** Exercise material follows **

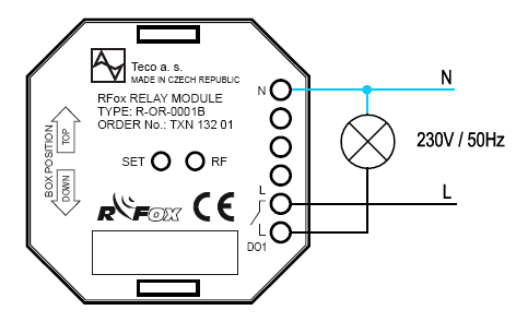 1. Na výstup DO1 je přímo spínáno přívodní síťové napětí (L), které zároveň napájí vnitřní obvody modulu.
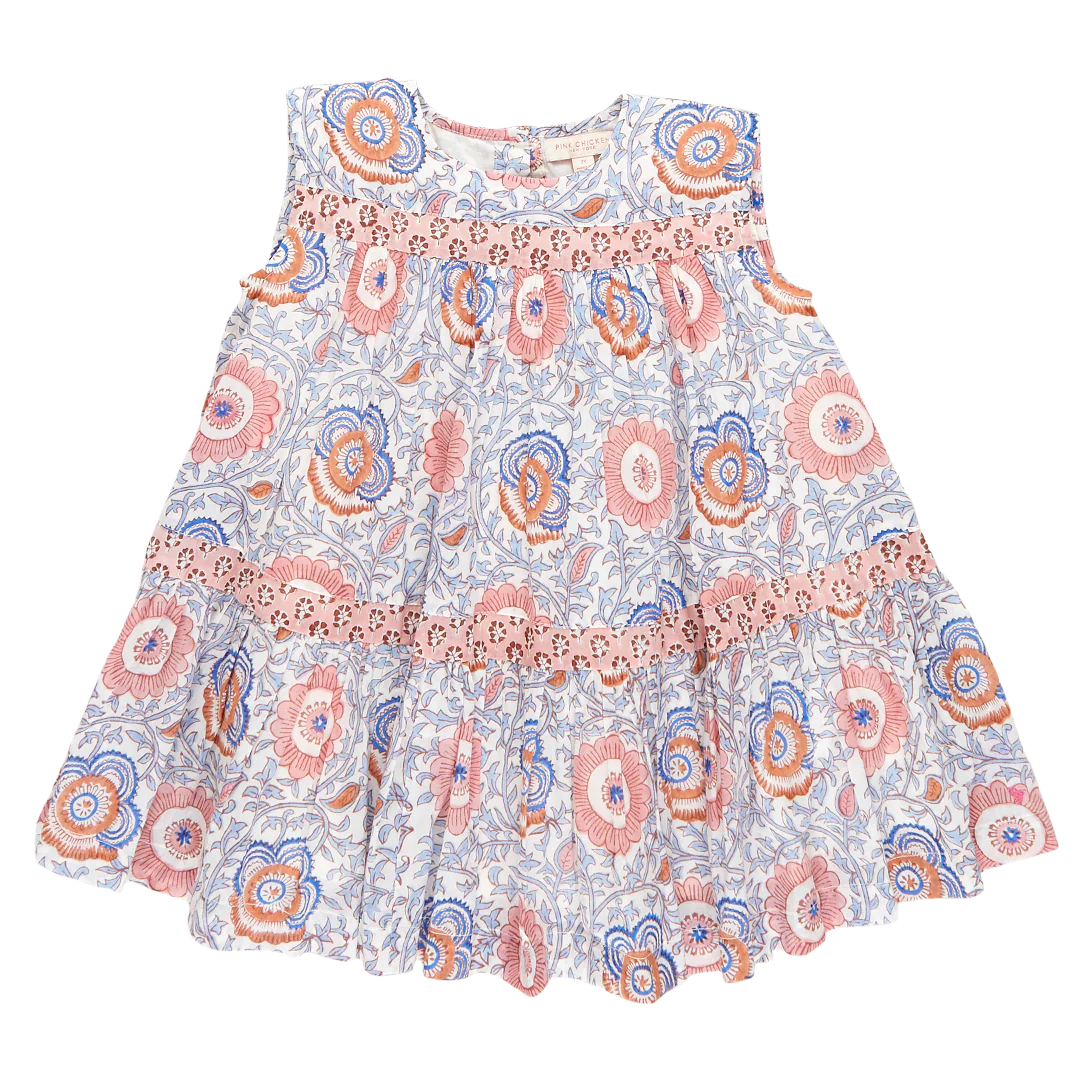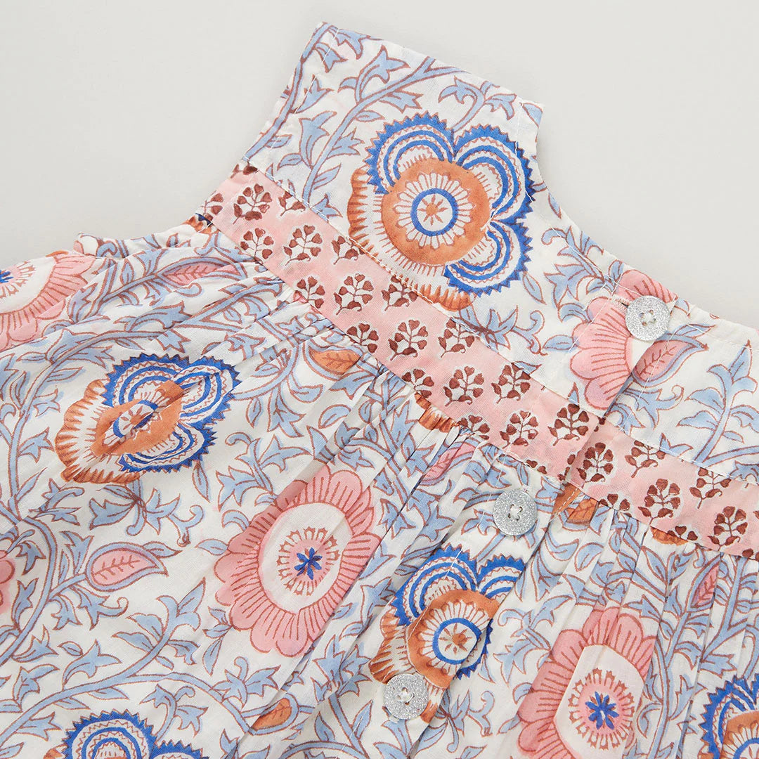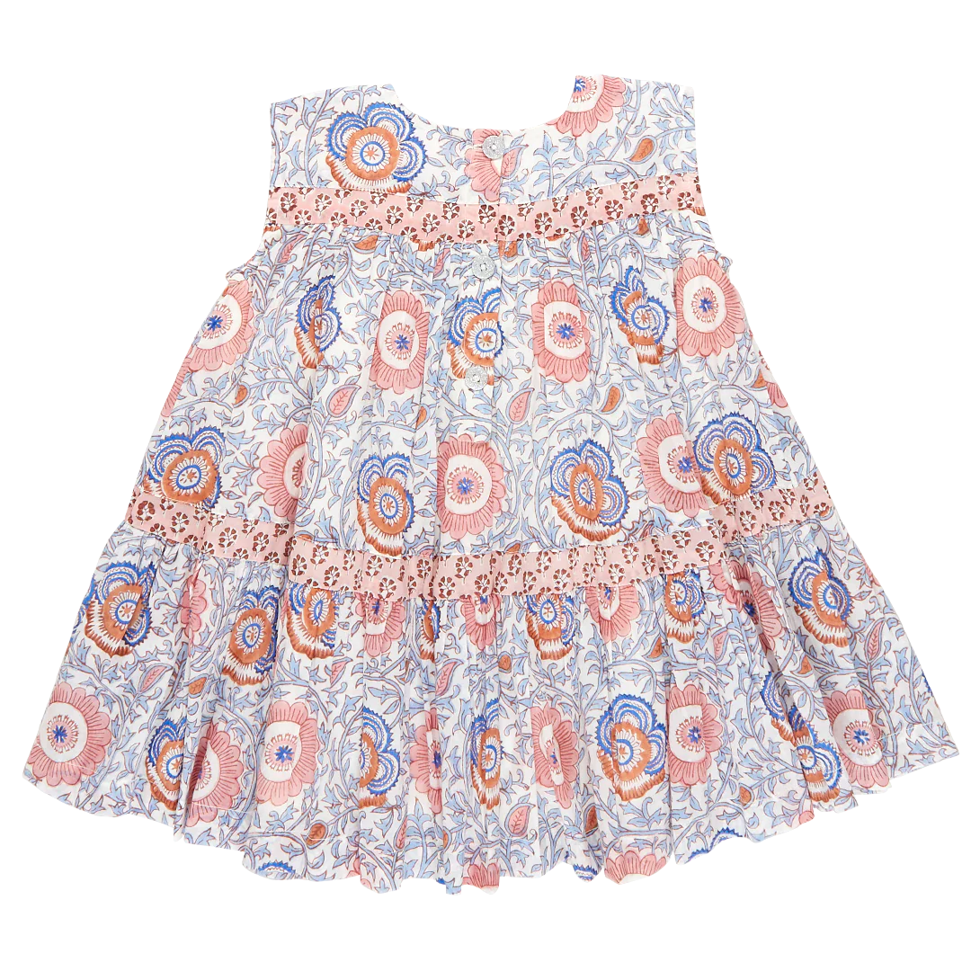 Pastel Perfection. Our dreamy Lisbon Floral, richly colored in dusty pinks and cool seaside blues, makes a sunny statement on our new-to-the-collection Girls Krista Dress. This fully lined, tiered dress is pieced together with contrasting stripes of our Pink Lisbon Ditsy print. The gathered, sleeveless silhouette is the perfect shape for twirling in the sand. This delightful dress is finished off with a signature glitter button at the back.
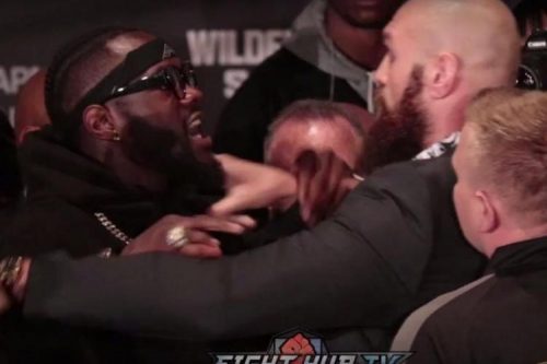 Vidno iznervirani Vajlder je vikao i prijetio, zatim počeo i da vrijeđa. Fjuri je, za to vrijeme, djelovao smireno i nasmijano. Poslije pola minuta došlo je i do fizičkog kontakta, a zatim, umalo, i do tuče, koju su spriječili članovi timova i službena lica…
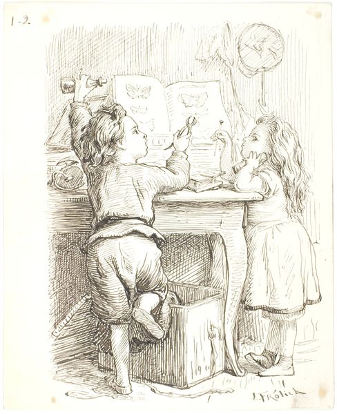 Lorenz Frølich created this etching, "Three Little Girls in a Room Arguing and Spitting," employing techniques rooted in the tradition of printmaking. Look closely and you'll see how the material influences the appearance of the work. The incised lines, created by acid biting into a metal plate, give form to the artist’s subject matter, giving it a lively spontaneity. The artist has used closely spaced hatching and cross-hatching to create different values and textures, and to depict the children’s emotional states. The making of etchings like this speaks to the culture of 19th century printmaking, which democratized images and made them available to a wider audience. Printmaking allowed for mass production and circulation, and the depiction of everyday scenes like this one, tapped into the burgeoning market for genre scenes and popular imagery. By focusing on the materials, the making, and the cultural context, we gain a deeper understanding of the art, and challenge the traditional hierarchy between fine art and craft.
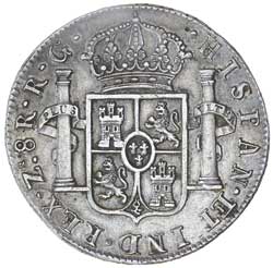 MEXICO, Ferdinand VII, silver eight reales, Zacatecas Mint, 1821 R.G. (KM.111.5). Very fine.
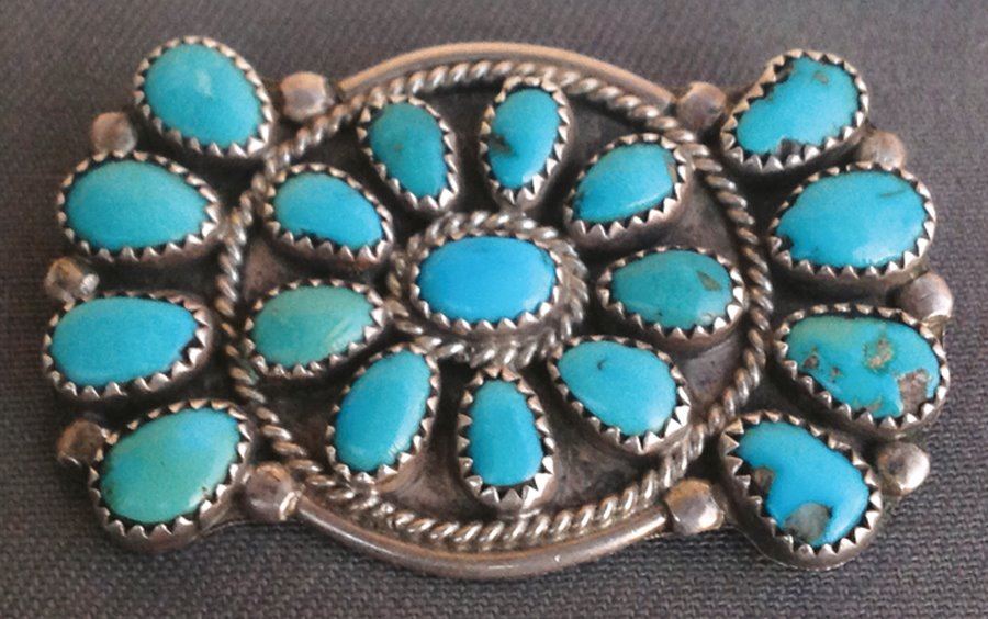 Vintage early style turquoise and silver butterfly blouse/sash pin with 17 hand cut and set round and teardrop stones. Very good condition.,,2" x 1 1/4"

** End of Exercise material **

* [The problem]: Your task is to set down every entry exactly, leaving out any picture it contains.

* [Reply]:
 1. Na výstup DO1 je přímo spínáno přívodní síťové napětí (L), které zároveň napájí vnitřní obvody modulu.
 Pastel Perfection. Our dreamy Lisbon Floral, richly colored in dusty pinks and cool seaside blues, makes a sunny statement on our new-to-the-collection Girls Krista Dress. This fully lined, tiered dress is pieced together with contrasting stripes of our Pink Lisbon Ditsy print. The gathered, sleeveless silhouette is the perfect shape for twirling in the sand. This delightful dress is finished off with a signature glitter button at the back.
 Vidno iznervirani Vajlder je vikao i prijetio, zatim počeo i da vrijeđa. Fjuri je, za to vrijeme, djelovao smireno i nasmijano. Poslije pola minuta došlo je i do fizičkog kontakta, a zatim, umalo, i do tuče, koju su spriječili članovi timova i službena lica…
 Lorenz Frølich created this etching, "Three Little Girls in a Room Arguing and Spitting," employing techniques rooted in the tradition of printmaking. Look closely and you'll see how the material influences the appearance of the work. The incised lines, created by acid biting into a metal plate, give form to the artist’s subject matter, giving it a lively spontaneity. The artist has used closely spaced hatching and cross-hatching to create different values and textures, and to depict the children’s emotional states. The making of etchings like this speaks to the culture of 19th century printmaking, which democratized images and made them available to a wider audience. Printmaking allowed for mass production and circulation, and the depiction of everyday scenes like this one, tapped into the burgeoning market for genre scenes and popular imagery. By focusing on the materials, the making, and the cultural context, we gain a deeper understanding of the art, and challenge the traditional hierarchy between fine art and craft.
 MEXICO, Ferdinand VII, silver eight reales, Zacatecas Mint, 1821 R.G. (KM.111.5). Very fine.
 Vintage early style turquoise and silver butterfly blouse/sash pin with 17 hand cut and set round and teardrop stones. Very good condition.,,2" x 1 1/4"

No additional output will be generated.